Мать Светкина умерла, когда ей десять лет было. С тех пор жили они вдвоём. В последние годы, когда Светка выросла, Арнольд два раза уходил к бабам жить, но каждый раз месяца через два возвращался, не ужившись с чужими детьми. Дочку он не любил и она его. Вместе жили оттого, что деваться Светке было некуда. Арнольд кормил и не шибко роскошно, кое-как Светку одевал, считая это своим долгом, но это и всё. На этом его родительские обязанности заканчивались, так как, по его мнению, были полностью выполнены.

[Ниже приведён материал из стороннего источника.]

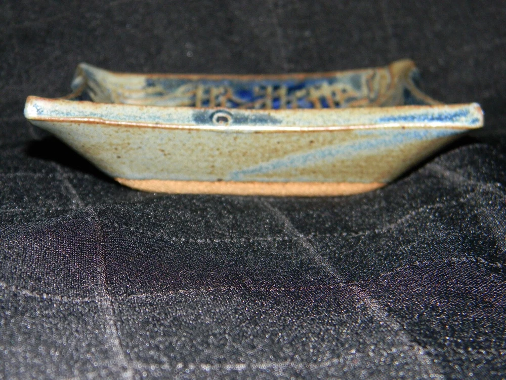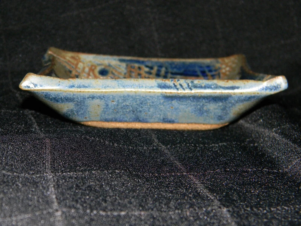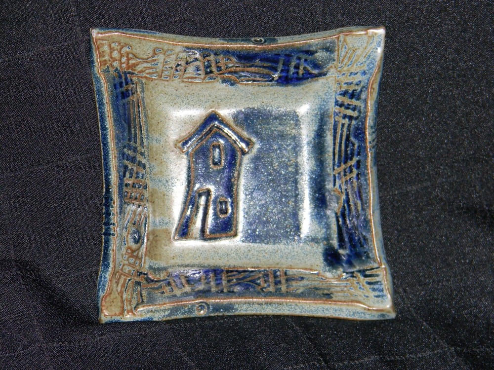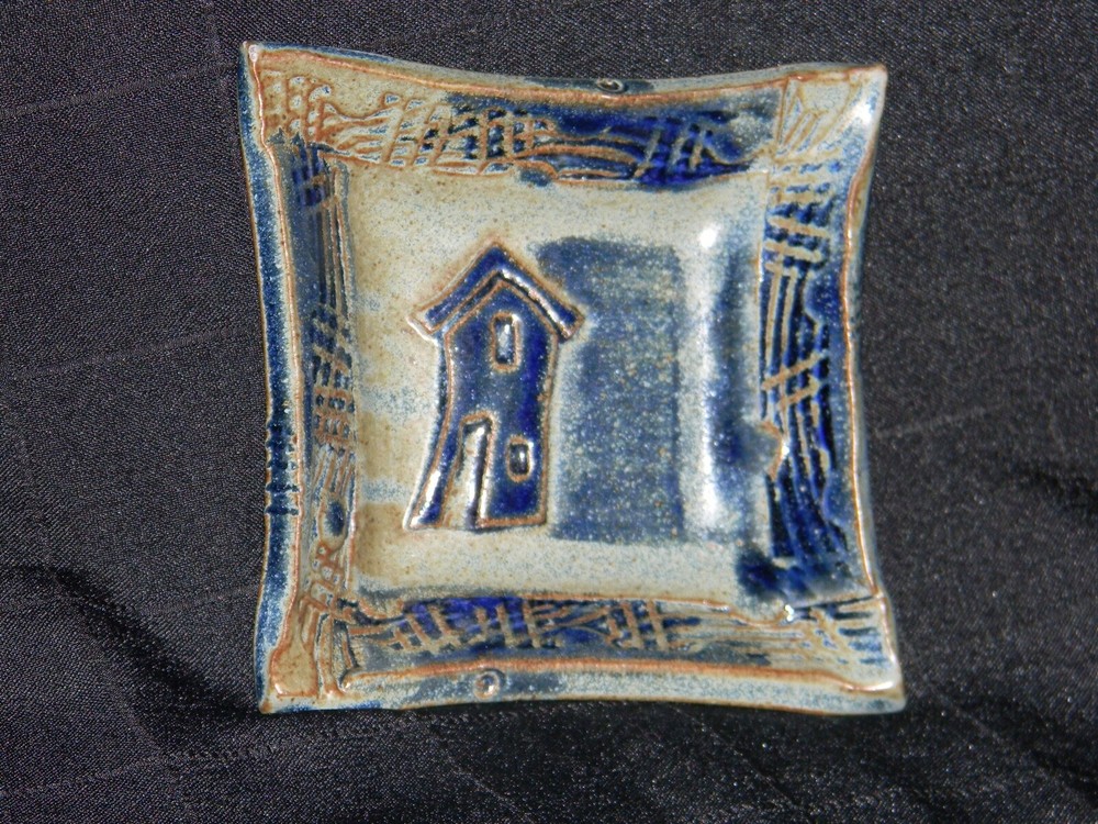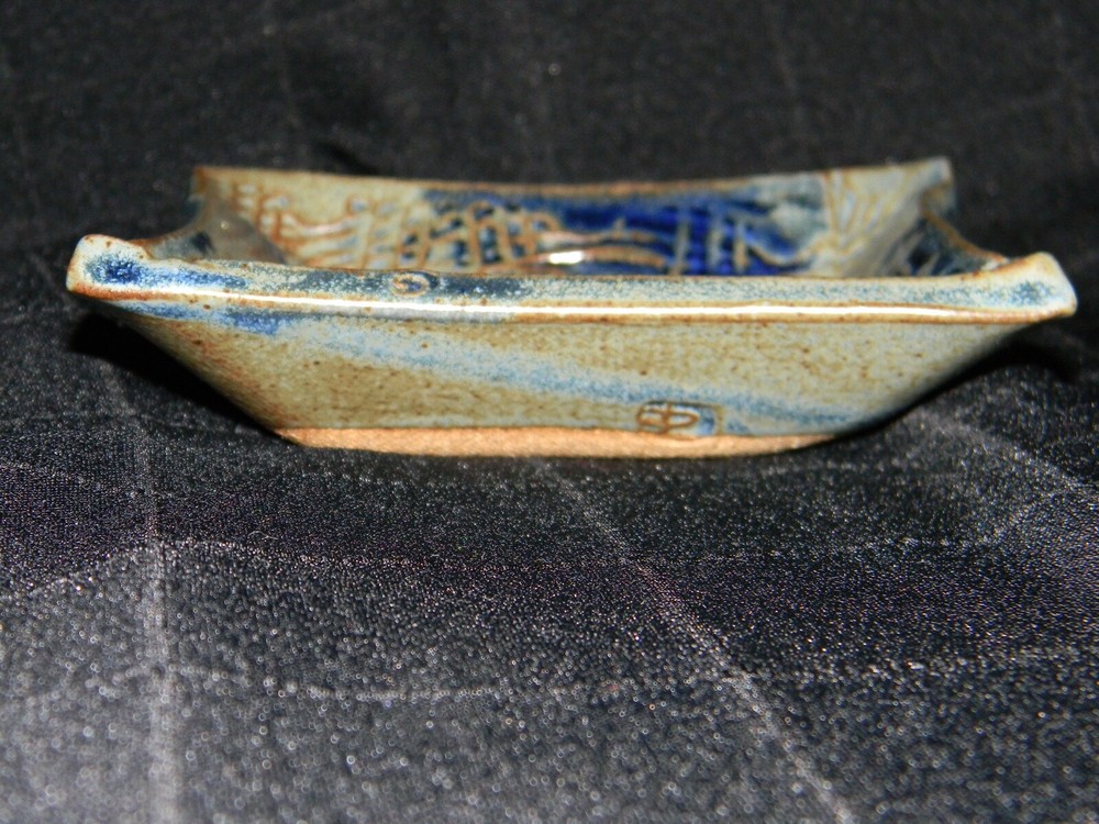 Blue & Brown Pottery Square Trinket Dish with Raised House Measures approximately 1 3/8" tall, 5 1/8" across Stamped on the back with an 'A' inside a square Excellent pre-owned condition. Please view pictures and utilize the enlarge feature for most accurate condition description.

А что касается воспитания, то жила Светка, как крапива, сама по себе, и что за человек она была, что там у неё в душе росло — Арнольд не интересовался, и Светка своими проблемами и горестями с отцом не делилась, знала — бесполезно. Росла Светка хабалкой, девкой красивой, грубой и самостоятельной, с отцом огрызалась, и часто до хрипоты скандалили. Теперь было ей восемнадцать лет, училась в экономическом техникуме и вот уже год встречалась с Юрой (Юре было двадцать восемь), отец об этом ничего не знал. Не знал Арнольд и того, как часто по ночам, обняв затрёпанного плюшевого мишку, купленного ещё мамой, забыв о своей грубости и самостоятельности и став на час давней робкой маленькой девочкой, плачет Светка в подушку, желая только одного — вернуться в ту последнюю счастливую осень, в те солнечные сентябрьские дни, где смеющаяся мама ласковыми тёплыми руками заплетает ей жидкие косички и, провожая в школу, долго машет рукой в плывущем средь белых облаков окне. Не остались в Светкиной памяти ни короткая страшная мамина болезнь, ни ужас похорон, ни чужие чёрные женщины, больно хватавшие её за тонкие плечи и одинаково равнодушно зудящие какие-то ненужные, лживые, назойливые слова утешения, а осталась только вот эта светлая мамина улыбка сквозь сверкающее голубым серебром промытое стекло в белой раме окна, как в прямоугольнике блестящей глянцевой фотографии.